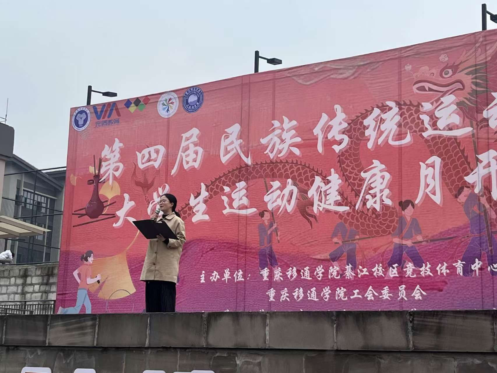 “第四届民族传统运动会暨大学生运动健康月开幕式”于15:00在运动场上开幕。大数据学院副院长阙小梅老师在开幕式上致辞,表示民族传统体育是中华文化的瑰宝,它承载着中华民族的历史记忆和文化基因。 弘扬民族传统体育,对于推动全民健身、促进健康中国建设具有重要意义,并且要继续加强民族传统运动的挖掘、保护和传承工作。
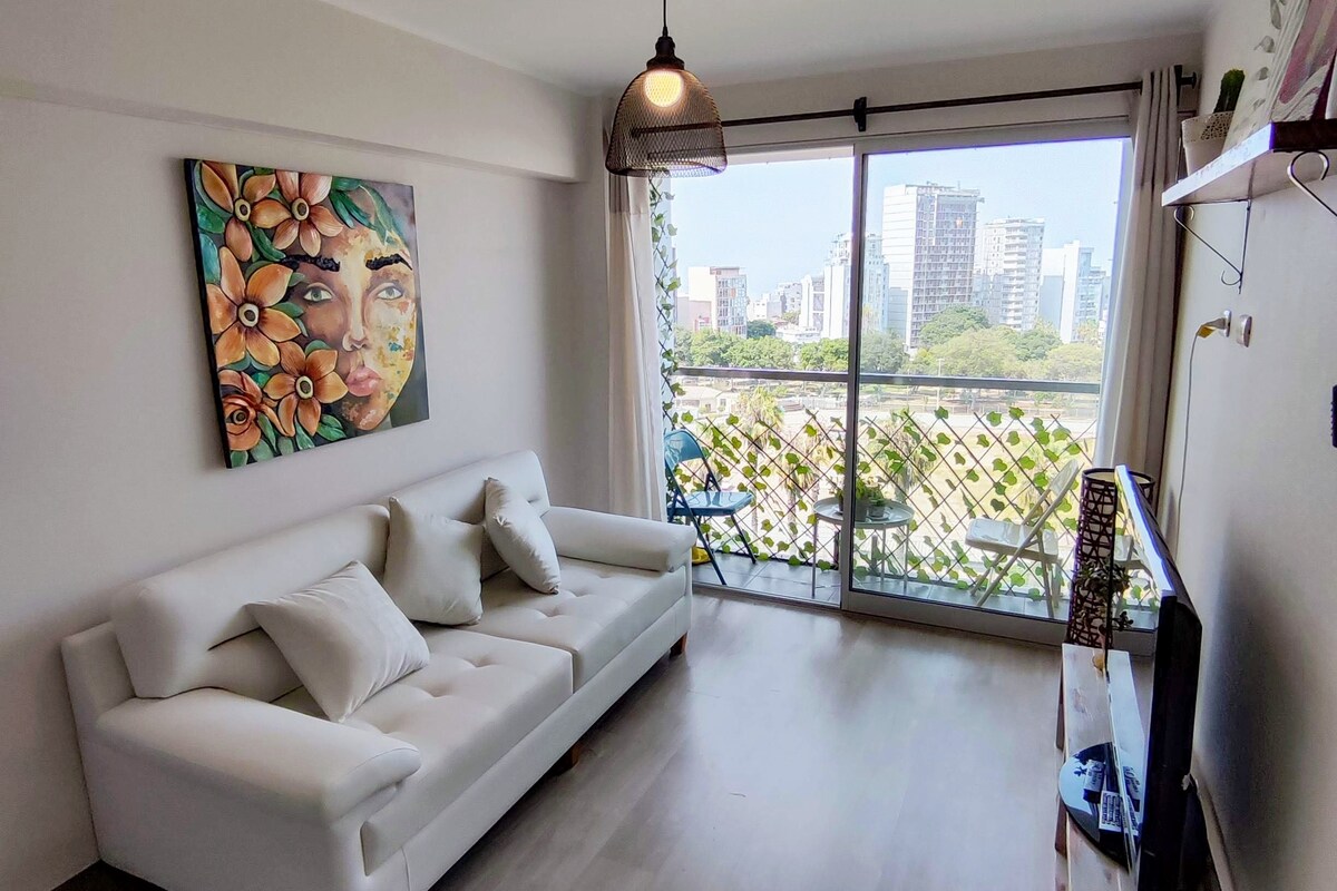 Super well located in MIraflores. Ideal for long stays and working nomads. Beautiful and quiet neighborhood. 1 block from boardwalk and best foodie street in Lima. Cozy, warm, modern, comfortable and very bright. Excellent Wifi! Fully equipped kitchen. Exterior sights and ocean view. Concierge 24hrs. A step away from bars, restaurants, malls, markets, cinemas, galleries and theaters. Beautiful parks with sea sights and outdoor activities. Walking distance from the coolest spots of Miraflores.
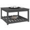 Table de jardin gris 82,5x82,5x45 cm bois massif de pinProfitez d'un bon repas avec votre famille et vos amis autour de cette table de jardin en bois ! Elle apportera une touche d'élégance à votre patio, jardin ou terrasse. Bois de pin massif : le bois de pin massif est un matériau naturel magnifique. Le bois de pin a un grain droit et les noeuds donnent au matériau son aspect caractéristique et rustique.Dessus de table stable : le dessus de table offre un excellent support pour accueillir vos boissons, collations, corbeilles de fruits et vos décorations préférées.Espace de rangement supplémentaire : la table de terrasse est conçue avec une étagère ouverte qui offre un espace de rangement supplémentaire pour garder vos divers objets quotidiens bien organisés et à portée de main.Structure robuste : le cadre en bois assure la solidité et la stabilité de la table de salon.Applications larges : la table de salon de jardin, avec son design remarquable, crée un aspect général agréable qui s'intègre sans effort dans n'importe quel décor. Bon à savoir :Pour faciliter au maximum le montage, chaque produit est livré avec des instructions.Remarque :Pour que vos meubles d'extérieur restent beaux, nous vous recommandons de les protéger avec une housse imperméable.

::::::::

### Task instructions:
Please return exactly the lines above, from where the listing starts to the line holding "Super well located", inclusive, with the pictures omitted.

### Result for this exercise:
 “第四届民族传统运动会暨大学生运动健康月开幕式”于15:00在运动场上开幕。大数据学院副院长阙小梅老师在开幕式上致辞,表示民族传统体育是中华文化的瑰宝,它承载着中华民族的历史记忆和文化基因。 弘扬民族传统体育,对于推动全民健身、促进健康中国建设具有重要意义,并且要继续加强民族传统运动的挖掘、保护和传承工作。
 Super well located in MIraflores. Ideal for long stays and working nomads. Beautiful and quiet neighborhood. 1 block from boardwalk and best foodie street in Lima. Cozy, warm, modern, comfortable and very bright. Excellent Wifi! Fully equipped kitchen. Exterior sights and ocean view. Concierge 24hrs. A step away from bars, restaurants, malls, markets, cinemas, galleries and theaters. Beautiful parks with sea sights and outdoor activities. Walking distance from the coolest spots of Miraflores.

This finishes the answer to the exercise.